Hey, aren't you supposed to be writing your book? ;-)
What do you guys mean by "race condition"? (In the context of SLIME, that is--I know what a race condition is in general.)
I guess you've seen my recent description of the push-down automaton that keeps track of protocol state. This can be seen as a representation in Emacs of relevant parts of the Lisp stack. For example, when we push into the EVALUATING state in Emacs we ask Lisp to call this (abbreviated) function:
(defslimefun eval-string (string buffer-package) (let (ok result) (unwind-protect (setq result (eval (read-form string))) (setq ok t)) (send-to-emacs (if ok `(:ok ,result) '(:aborted))))))
Before the corresponding Lisp stack frame returns it will send either (:ok RESULT) or (:aborted) to Emacs. When Emacs receives either message, it will pop its EVALUATING state off the stack. In this way the two stacks stay synchronized, and Emacs knows whether it is in the debugger, or waiting on an RPC result, etc.
The protocol is free of race conditions provided that at any given time only one of Lisp and Emacs is able to cause a state change (or otherwise perform a state-dependent operation). If both are able to, then they could do them at the same time, and then they would each push/pop their stacks in a different order and lose synchronization.
That's the sort of race condition we mean. When the stacks go out of sync, chaos ensues (or would if not caught by assertions).
We've considered three ways to cope with this:
Ensure that only one of Emacs and Lisp is allowed to talk at a time. This worked well in the beginning, but it's now breaking down.
Remove enough state from Emacs so that races can be tollerated. This is an appealing ideal, but no specifics have been discussed.

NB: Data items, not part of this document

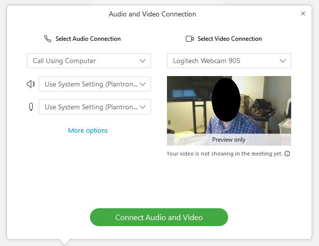 - Connect to audio and video. We suggest using your computer for the call, but a phone can be used if you have issues.
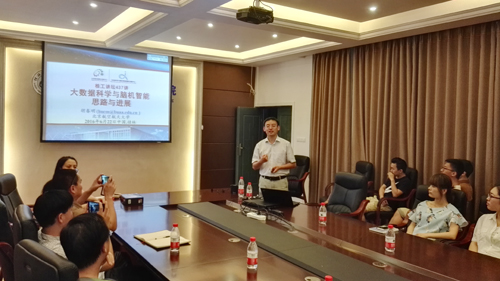 6月22日下午,北京航空航天大学胡春明教授在雁山校区02507会议室作了题为《大数据与脑机智能》的学术报告。信息学院党政领导以及部分师生参加了此次报告会。 胡教授认为,近年来,基于大数据处理的计算智能获得长足发展,但仍面临计算有效性、计算为中心的体系结构以及学习效率与灵活性的瓶颈,如何从生物脑在感知和高层认知中有所借鉴,构建具有数据驱动与认知原理驱动类脑智能的“脑机”,是计算智能和数据处理技术的热点。 胡教授的报告分析了目前计算智能面临的技术挑战及可能的技术突破方向,重点介绍了北京航空航天大学研究团队在数据科学与计算智能、新型计算技术与系统、脑认知原理与仿真、脑机系统与应用方向的初步研究进展等,并就该校新设立的“大数据科学与脑机智能北京市高精尖创新中心(BDBC)”在车辆控制与车联网、中文知识图谱、社会网络事件检测与溯源方面的实验平台进行介绍。 胡春明教授还与师生进行了互动,回答了师生们提出的相关专业与学术问题。
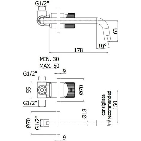 Mitigeur lavabo mural avec plaques Ø70 mm et bec long 178/248 mm |Paffoni Rubinetteria JO JO006-JO007
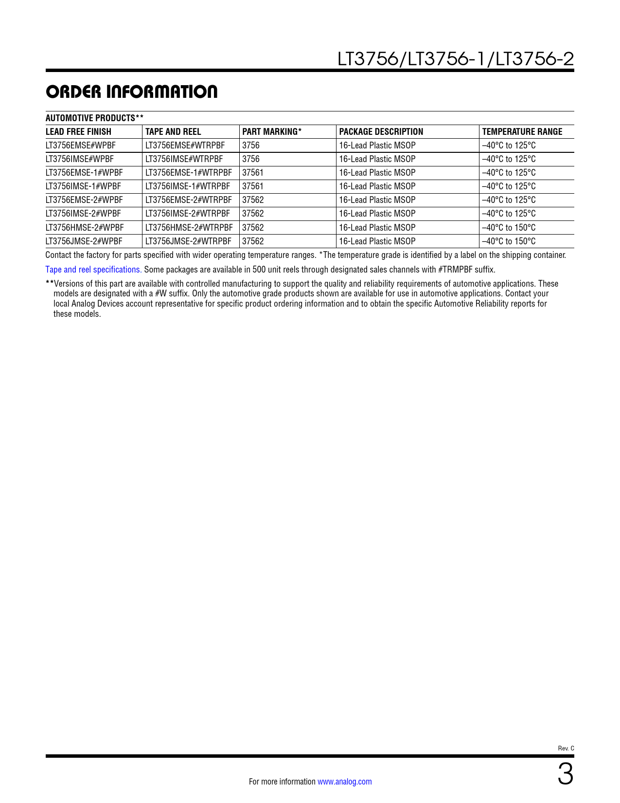 LT3756/LT3756-1/LT3756-2 ORDER INFORMATION AUTOMOTIVE PRODUCTS** LEAD FREE FINISHTAPE AND REELPART MARKING*PACKAGE DESCRIPTIONTEMPERATURE RANGE LT3756EMSE#WPBF LT3756EMSE#WTRPBF 3756 16-Lead Plastic MSOP –40°C to 125°C LT3756IMSE#WPBF LT3756IMSE#WTRPBF 3756 16-Lead Plastic MSOP –40°C to 125°C LT3756EMSE-1#WPBF LT3756EMSE-1#WTRPBF 37561 16-Lead Plastic MSOP –40°C to 125°C LT3756IMSE-1#WPBF LT3756IMSE-1#WTRPBF 37561 16-Lead Plastic MSOP –40°C to 125°C LT3756EMSE-2#WPBF LT3756EMSE-2#WTRPBF 37562 16-Lead Plastic MSOP –40°C to 125°C LT3756IMSE-2#WPBF LT3756IMSE-2#WTRPBF 37562 16-Lead Plastic MSOP –40°C to 125°C LT3756HMSE-2#WPBF LT3756HMSE-2#WTRPBF 37562 16-Lead Plastic MSOP –40°C to 150°C LT3756JMSE-2#WPBF LT3756JMSE-2#WTRPBF 37562 16-Lead Plastic MSOP –40°C to 150°C Contact the factory for parts specified with wider operating temperature ranges. *The temperature grade is identified by a label on the shipping container. Tape and reel specifications. Some packages are available in 500 unit reels through designated sales channels with #TRMPBF suffix. ** Versions of this part are available with controlled manufacturing to support the quality and reliability requirements of automotive applications. These models are designated with a #W suffix. Only the automotive grade products shown are available for use in automotive applications. Contact your local Analog Devices account representative for specific product ordering information and to obtain the specific Automotive Reliability reports for these models. Rev. C For more information www.analog.com 3 Document Outline Features Applications Typical Application Description Absolute Maximum Ratings Pin Configuration Order Information Electrical Characteristics Typical Performance Characteristics Pin Functions Block Diagram Operation Applications Information Package Description Revision History Typical Application Related Parts
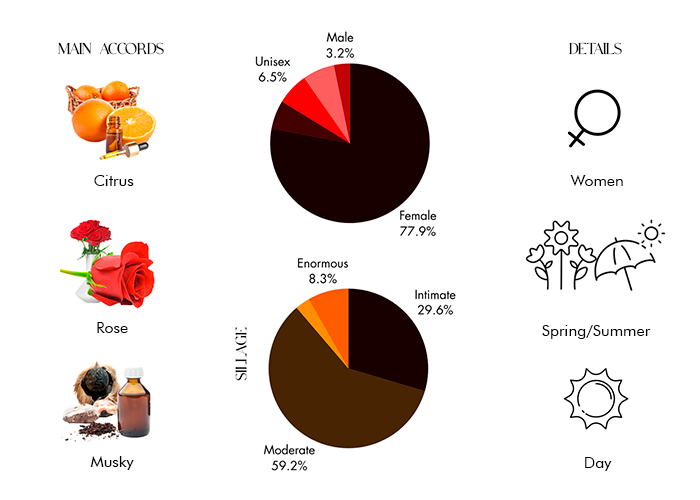 As the fragrance settles, the heart notes of delicate rose essentials emerge, adding a touch of romance to the composition. The blossoming roses create an aura of captivating femininity, evoking a sense of confidence and allure that is truly irresistible.
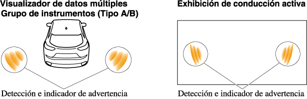 Si existe la posibilidad de un choque con un vehículo que se aproxima, los indicadores de advertencia de control de puntos ciegos (BSM) destellan y la advertencia sonora se activa simultáneamente.
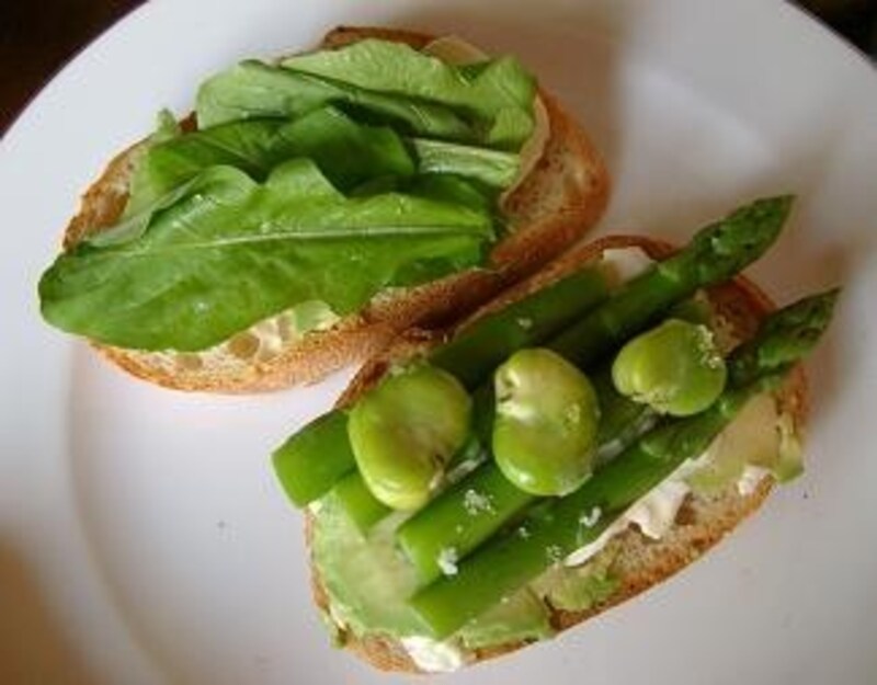 鮮やかな緑の野菜で素材の味を楽しむサンドウィッチを作りました。ホクホクしていて少しほろ苦いそら豆、ごまの香りのルッコラ、アスパラガス。バターやマヨネーズは使わず、アボカドでまろやかにまとめます。
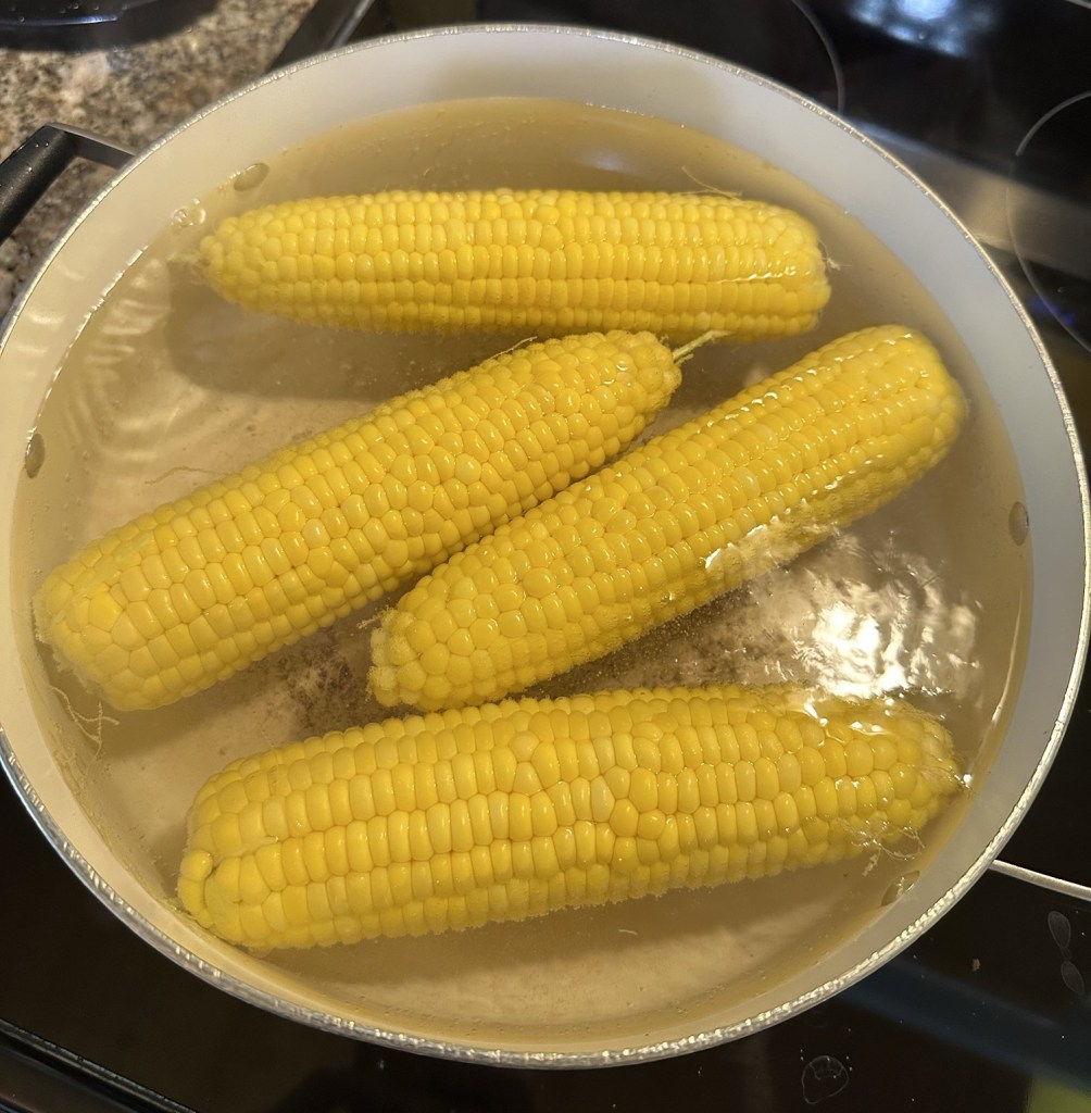 I expect that corn from the Glades (the Everglades agricultural area in western Palm Beach County) has all been harvested, so I’m not sure where corn is coming from currently, but it has been cheap and delicious. There are so many methods for cooking corn, but I do it the way I learned from my mother: add a tablespoon or two of sugar to a pot of water, bring it to a boil, add the corn, reduce the heat, and simmer for 10 minutes. I’m not sure what purpose the sugar serves; I suspect it had something to do with keeping the corn sweet. Today, almost all sweet corn varieties incorporate the shrunken-2 gene, which means its sugar content is high and it also has a slower sugar to starch conversion rate than older varieties. But I continue to operate on the “if it ain’t broke, don’t fix it” principle.
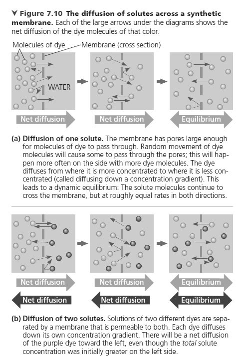 MAKE CONNECTIONS Review Figure 7.10, which illustrates the diffusion of dye molecules across a membrane.Could diffusion eliminate the concentration gradient of a dye that has a net charge? Explain.
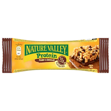 Ingrediënten: Geroosterde PINDA'S (38,6%), geïsoleerd SOJAEIWIT, oligofructose, glucosestroop, plantaardige oliën en vetten (palm, karité, zonnebloem, koolzaad), suiker, chocolade stukjes (4%) (suiker, cacaomassa, cacaoboter, emulgator (lecithinen (SOJA)), maltodextrine, PINDAKAAS(1,9%), magere cacaopoeder, tapiocazetmeel, fructose, lactose (MELK), bevochtigingsmiddel (glycerol), emulgatoren (lecithinen (SOJA)), zout, natuurlijke aroma (MELK), stabilisator (calciumcarbonaat). Voor allergenen: zie vetgedrukte ingrediënten. Kan noten bevatten. Glutenvrij
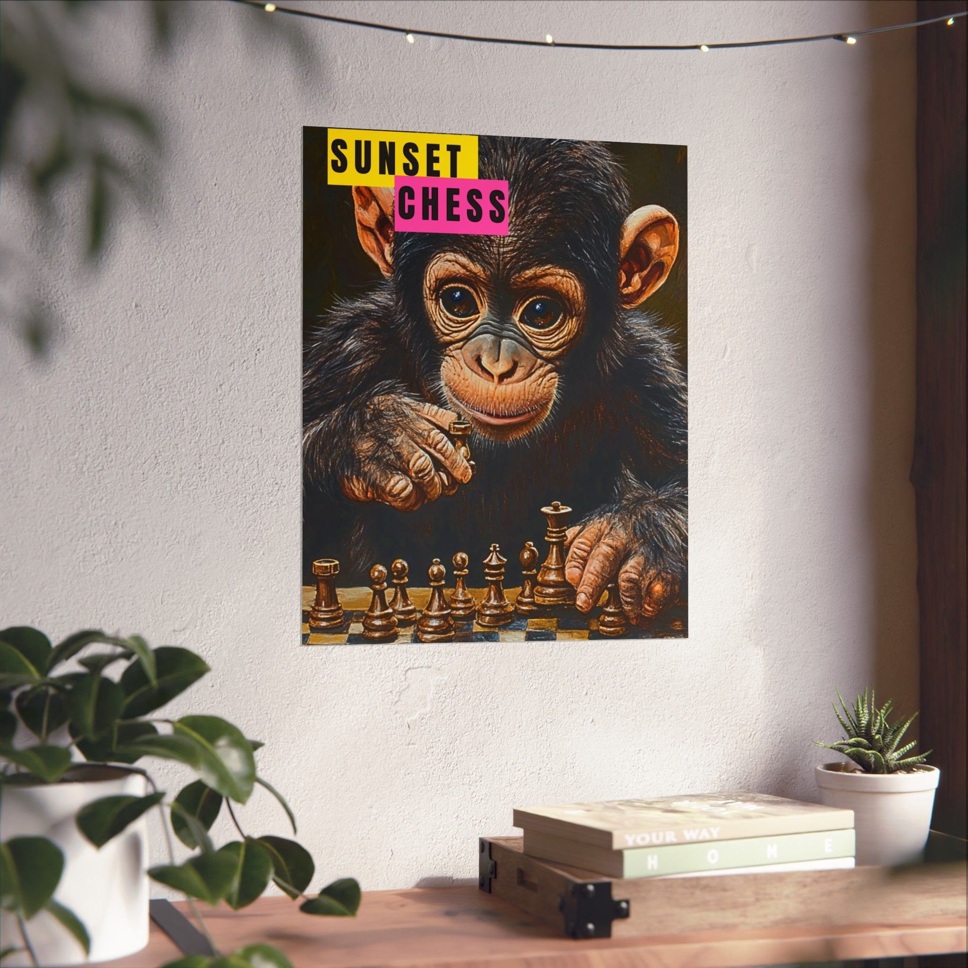 Baby Chimp Learns Chess - Matte Vertical Poster 16"x20"

Add a mechanism to the protocol to detect out-of-order events and resolve them in some deterministic way. This has been the subject of recent mails.
The thing that seems hard about removing state from Emacs is that some operations are state-dependent. For example:
If Lisp is "busy" evaluating an RPC, we won't bother with things like fetching arglists. That would just create a backlog of requests that probably aren't interesting by the time they're done. (Though Helmut's idea of sending TCP-OOB requests to be served by a signal handler sounds like fun :-)
Our debugger wants to know if Lisp is sitting in the debugger loop. If it has started doing something else then the backtrace we present in our debug buffer is wrong.
Possibly these could be solved in some simple and clever way.
I'm not sure right now whether all of our race conditions span short time frames (as in network latency). There aren't any documented cases of them occuring in the wild as far as I know. Still, we must have a correct protocol (non-robust ones are well known to piss people off royally), and already people are running SLIME with Emacs and Lisp on separate machines so latency isn't necessarily on the order of a millisecond.
-Luke